I have seen that in many papers/competitions for causal inference, the assumption of strong ignorability is made -
$P(Y^{x}\perp X\mid V)$, where $X$ is the treatment, $Y$ the outcome and $V$ indicates the set of all covariates (all other variables).
Example -
- Estimating individual treatment effect: generalization bounds and algorithms
- ACIC Competition (Dataset generation section)
- RealCause: Realistic Causal Inference Benchmarking
This assumption is called the assumption of "no unobserved confounders". But, does it not also make an assumption of the following type of structure (consider $V$ to be just one variable for below figure) -
What if the causal structure is as below (consider $V = \{L,Z\}$)? -
In this case, given $\{L,Z\}$ - $X$ and $Y$ are not independent. Note, it would be wrong to say such structures do not appear. In data science we can easily face complex causal structures, where conditioning on all variables would open up one or more biasing path(s).
Given this context, the following are my queries -
- In the presence of such complex structures, does the condition $P(Y^x \perp X\mid V)$ not fail?
- If the strong ignorability condition really fails in the face of such collider containing structures, why is it so rampant in competitions/research-papers? Particularly, I have seen this in social-science, healthcare etc. Is it because such structures are not expected to arise in those fields, because only known confounders are included in the dataset?

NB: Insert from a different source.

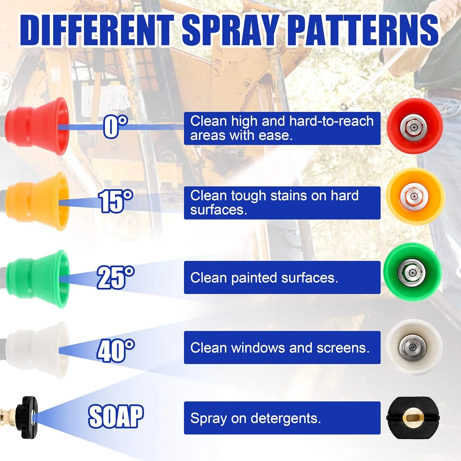 ·5 VERSATILE NOZZLES: This set includes five pressure washer nozzle tips with different spray patterns, allowing you to choose the perfect nozzle for any cleaning task. The nozzles included are 0°, 15°, 25°, 40°, and a soap nozzle for detergent application
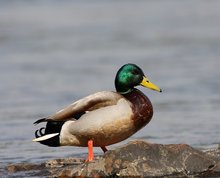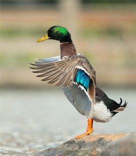 特征:属游禽,大型鸭类。体长47-62厘米,体重大约1千克,外形大小和家鸭相似。雄鸟嘴黄绿色,脚橙黄色,头和颈辉绿色,颈部有一明显的白色领环。上体黑褐色,腰和尾上覆羽黑色,两对中央尾羽亦为黑色,且向上卷曲成钩状;外侧尾羽白色。胸栗色。翅、两胁和腹灰白色,具紫蓝色翼镜,翼镜上下缘具宽的白边,飞行时极醒目。雌鸭嘴黑褐色,嘴端暗棕黄色,脚橙黄色和具有的紫蓝色翼镜及翼镜前后缘宽阔的白边等特征。

- The papers/competitions given above propose ideas for good estimators, or benchmarks for testing those. For someone who expects to face such complex structures, should they ignore the results of these resources that make such assumptions? Or should they just replace "all covariates" with "all confounders"? After all, if the causal structure is clearly known, one can always find the respective confounders for the effect of $X$ on $Y$. And then use the best estimators the papers propose/benchmark.